Trade unions may take action to stop a company from moving its business to another EU country if the aim of the union’s action is to protect workers, the EU’s top court said.
During the hearings for the case, the British government had argued that strike action is not a fundamental right.
Britain was the only state to argue that strikes and picketing aren’t rights.
The European Court of Justice (ECJ) reviewed the case of trade unions preventing the Finnish shipping company Viking from replacing a local crew on a loss-making ferry with cheaper Estonian workers.
Viking wanted to do so by reflagging the ship, the Rosella, in Estonia.
The court said unions were allowed to take collective action if jobs and work conditions were under threat.
The ECJ decided it was up to the national courts to decide whether jobs were likely to be affected.
But it also said that collective action would be illegal if it restricted the EU’s freedom of establishment, which guarantees a company’s right to carry out economic activity in other member states.
The Viking dispute was a test case on “social dumping” – the transfer of jobs from one country to other EU countries. But the ruling essentially fudges the issue.

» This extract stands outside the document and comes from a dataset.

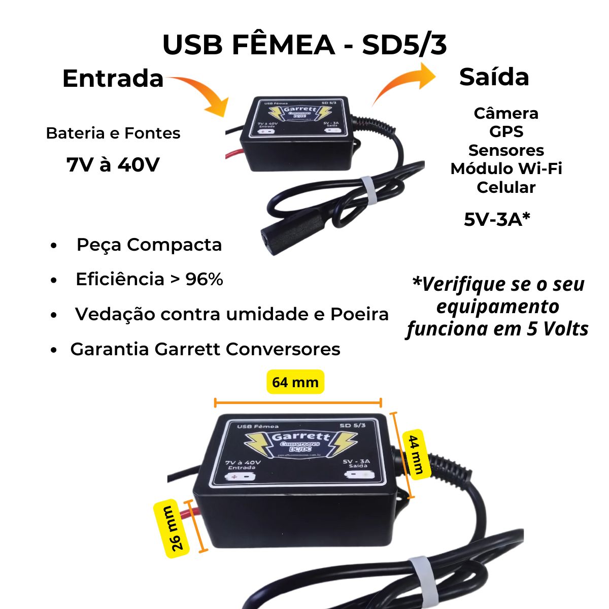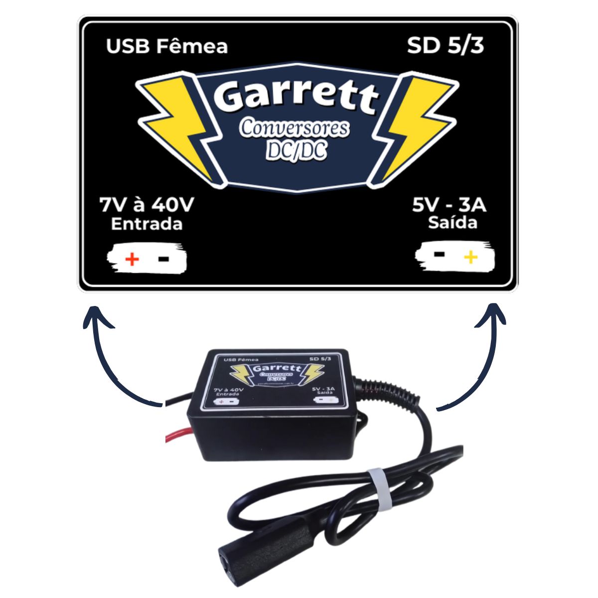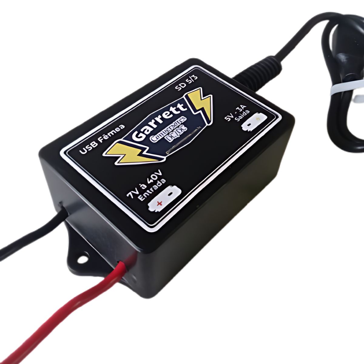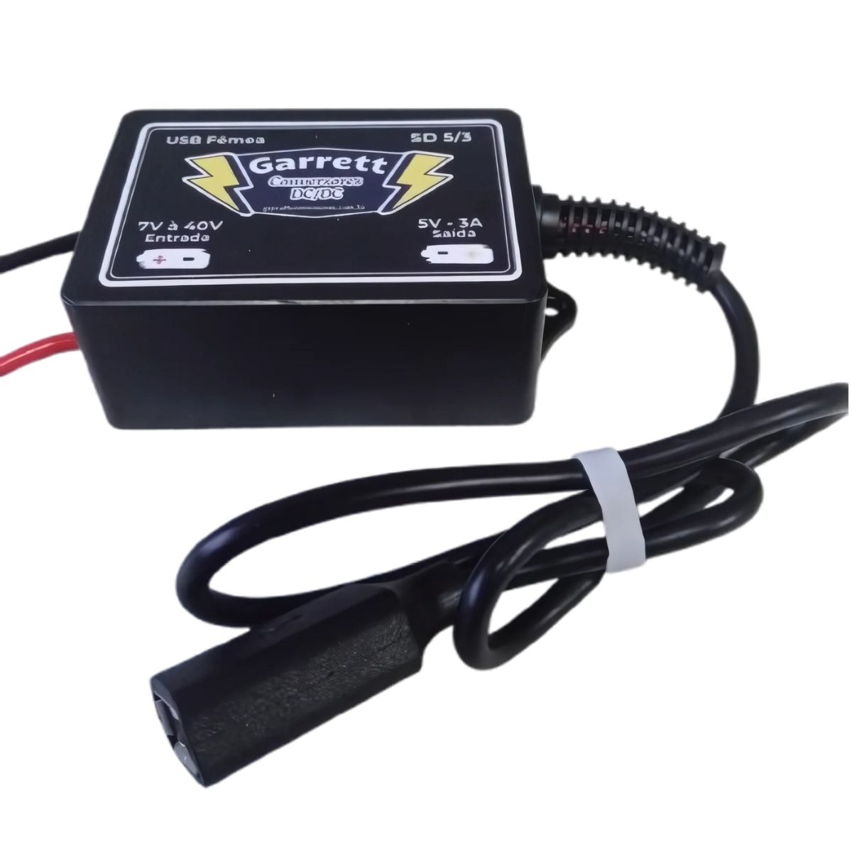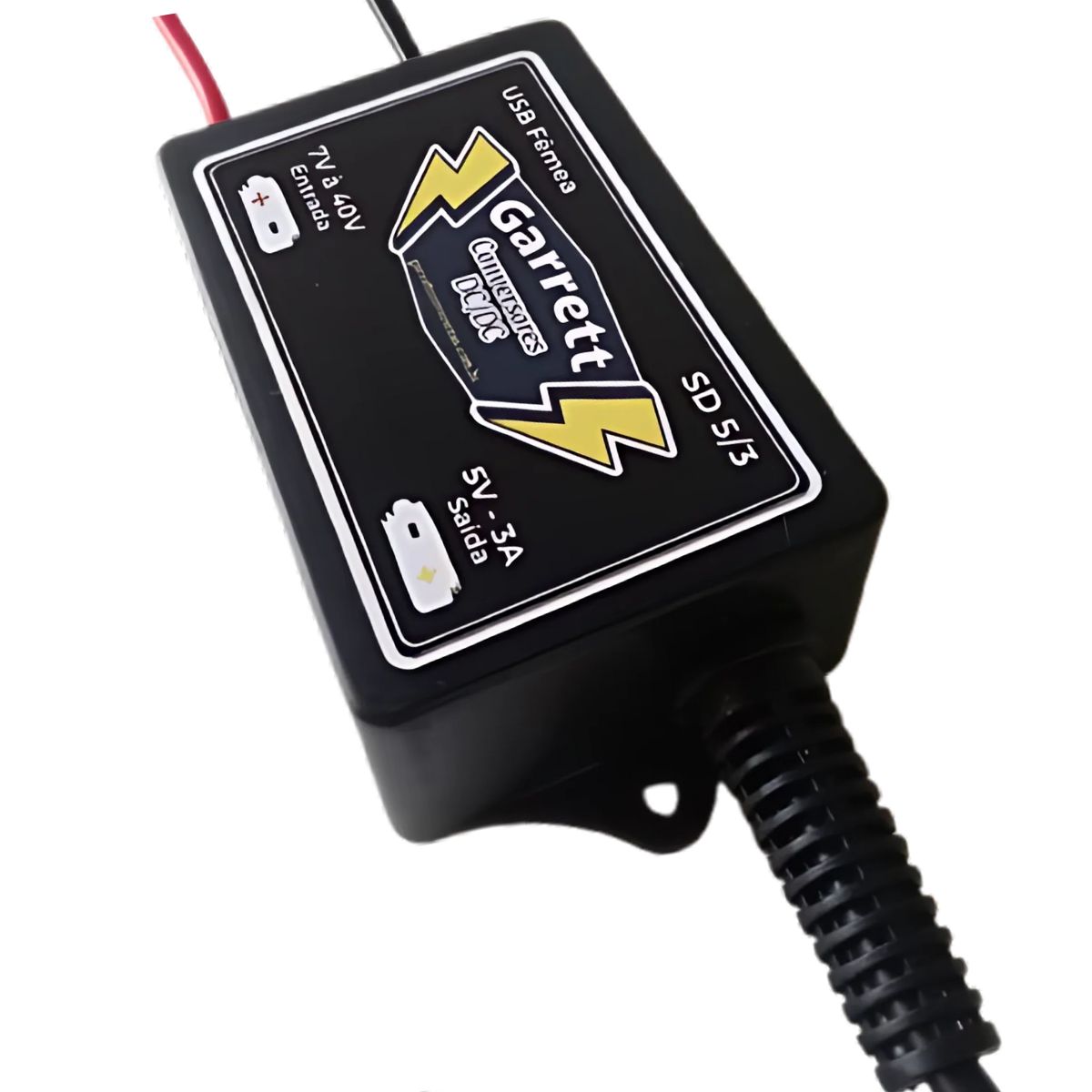O Conversor/Regulador de Tensão – USB Fêmea Garrett Conversores com entrada de 7V a 40V e saída de 5V 3A é um regulador de tensão step-down (buck converter) que reduz tensões mais altas para 5V e fornece energia por uma porta USB padrão fêmea.

David Cockroft, general secretary of the International Transport Workers’ Federation, which spearheaded the Viking dispute, said, “We welcome the court’s assertion that the right to take collective action, including the right to strike, is a fundamental right which forms an integral part of the general principles of European community law.” But he added, “The devil’s in the detail.”
The ruling could be used by employers to attempt to impose lower wages across the EU on the basis that any action, “restricts the right of freedom of establishment”.
The court will rule this week on a similar case, in which local unions prevented a Latvian construction firm from fulfilling a contract in Sweden because it would not sign a Swedish wage deal.
Unsurprisingly, the British government has actively taken the side of the Latvian bosses in the case.